By using this site, you agree to our updated Privacy Policy and our Terms of Use. Manage your Cookies Settings.
444,001 Members | 1,176 Online
Bytes IT Community
+ Ask a Question
Need help? Post your question and get tips & solutions from a community of 444,001 IT Pros & Developers. It's quick & easy.

Insert characters into string based on re ?

P: n/a
I am attempting to reformat a string, inserting newlines before certain
phrases. For example, in formatting SQL, I want to start a new line at
each JOIN condition. Noting that strings are immutable, I thought it
best to spllit the string at the key points, then join with '\n'.

Regexps can seem the best way to identify the points in the string
('LEFT.*JOIN' to cover 'LEFT OUTER JOIN' and 'LEFT JOIN'), since I need
to identify multiple locationg in the string.
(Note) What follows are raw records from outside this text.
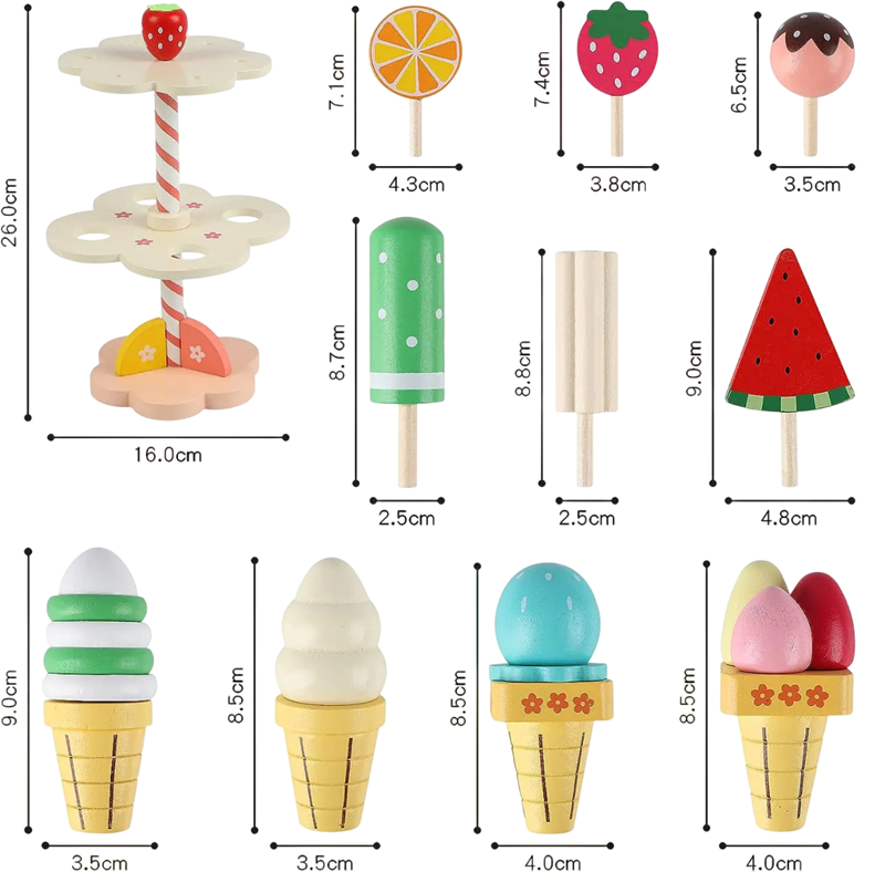 Dzięki wytrzymałemu drewnianemu materiałowi zabawka wytrzyma intensywne użytkowanie i stanie się długoterminowym towarzyszem każdego małego kucharza lub sprzedawcy. Realistyczne kolory i wykonanie lodów i owoców przyciągną dzieci w każdym wieku i wspierają ich chęć do kreatywnej zabawy.
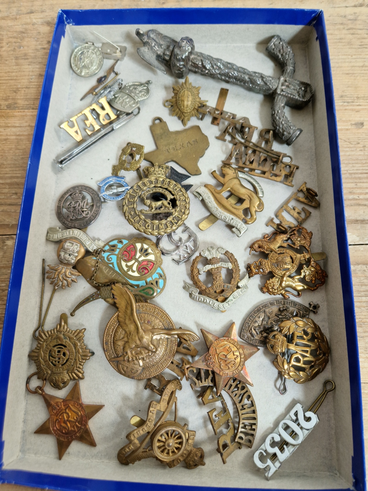A tray of military badges and related items, etc.
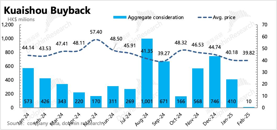 6. 股东回购尚未提高:与第三季度相比,第四季度整体市值有所上升,快手放缓了回购,耗资近15亿港元,回购了3200万股公司股票。
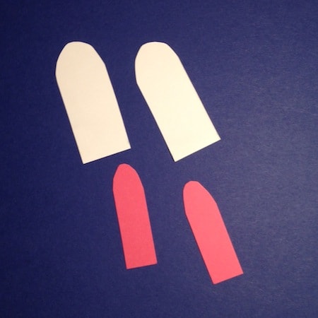 - Disegnare le sagome delle orecchie interne. Disegnare 2 rettangoli di circa 5,5 cm x 1,5 cm. Ritagliarli e arrotondare la parte superiore di ogni rettangolo.
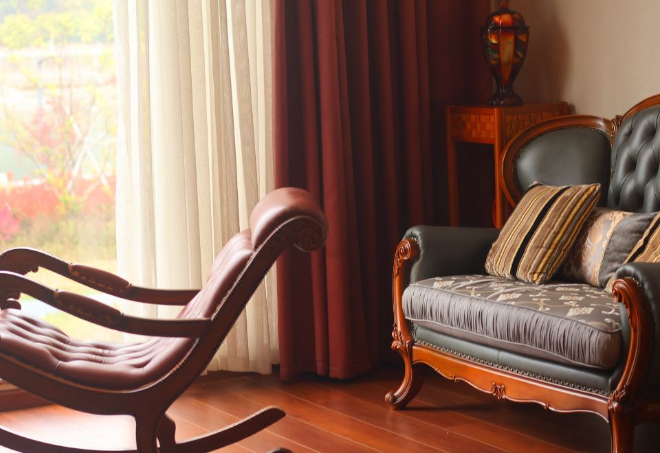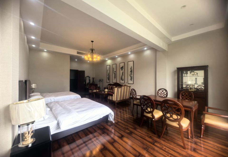 民宿坐落于《富春山居图》实景地——桐庐富春江镇扬帆路江畔,这座隐于山水间的别墅民宿,以“艺术栖居”为核心理念,当代艺术美学与江畔秘境完美融合,打造集艺术展览、文化体验、高端住宿、定制餐饮、团建社交于一体的沉浸式度假空间?。通过艺术馆的文化深度、江景房的自然治癒、定制化服务的情感联结,我们的民宿将不仅是住宿场所,更成为富春江畔的精神地标。?民宿内嵌1000多平方米的曹俊艺术馆,常设国际艺术大师曹俊的《宇宙系列》油画及“曹俊蓝”水彩作品。馆内定期举办书画雅集等活动,客人可近距离感受泼墨山水与现代抽象艺术的碰撞,体验“江畔美术馆”的独特魅力?。 定制餐饮:餐厅主打“富春江宴”,以现捕鱼虾(如船头鱼、河虾)和有机时蔬为特色,提供免费早餐、预订晚宴?。 团建社交;多功能厅配备KTV、全自动麻将机,庭院支持定制茶会、艺术沙龙?; 私密别墅区适合高端商务会议。 艺术赋能:联动曹俊艺术馆,推出“富春山居图写生”“漆扇创作”等活动,客人可参与艺术工坊,将作品带回家?(需预约)。 自然探索:绿道骑行等体验,或由管家定制严子陵钓台、马岭古道徒步路线,感受“人在画中行”的意境?。 5分钟车程内:严子陵钓台、江南龙门湾、富春江小三峡; 30分钟可达:OMG心跳乐园、大奇山国家森林公园,瑶琳仙境,严州古城等满足探险与静谧的双重需求?。 ?入住即享: 私人艺术导览、24小时管家服务。 (注:部分活动需提前预约,详情请谘询管家?)

However, the re.split
method returns the list without the split phrases, and re.findall does
not seem useful for this operation.

Suggestions?

Oct 12 '06 #1
Share this Question
Share on Google+
7 Replies


P: n/a

Matt wrote:
I am attempting to reformat a string, inserting newlines before certain
phrases. For example, in formatting SQL, I want to start a new line at
each JOIN condition. Noting that strings are immutable, I thought it
best to spllit the string at the key points, then join with '\n'.

Regexps can seem the best way to identify the points in the string
('LEFT.*JOIN' to cover 'LEFT OUTER JOIN' and 'LEFT JOIN'), since I need
to identify multiple locationg in the string. However, the re.split
method returns the list without the split phrases
Not without some minor effort on your part :-)
See below.
and re.findall does
not seem useful for this operation.

Suggestions?
Read the fine manual:
"""
split( pattern, string[, maxsplit = 0])

Split string by the occurrences of pattern. If capturing parentheses
are used in pattern, then the text of all groups in the pattern are
also returned as part of the resulting list. If maxsplit is nonzero, at
most maxsplit splits occur, and the remainder of the string is returned
as the final element of the list. (Incompatibility note: in the
original Python 1.5 release, maxsplit was ignored. This has been fixed
in later releases.)
>>re.split('\W+', 'Words, words, words.')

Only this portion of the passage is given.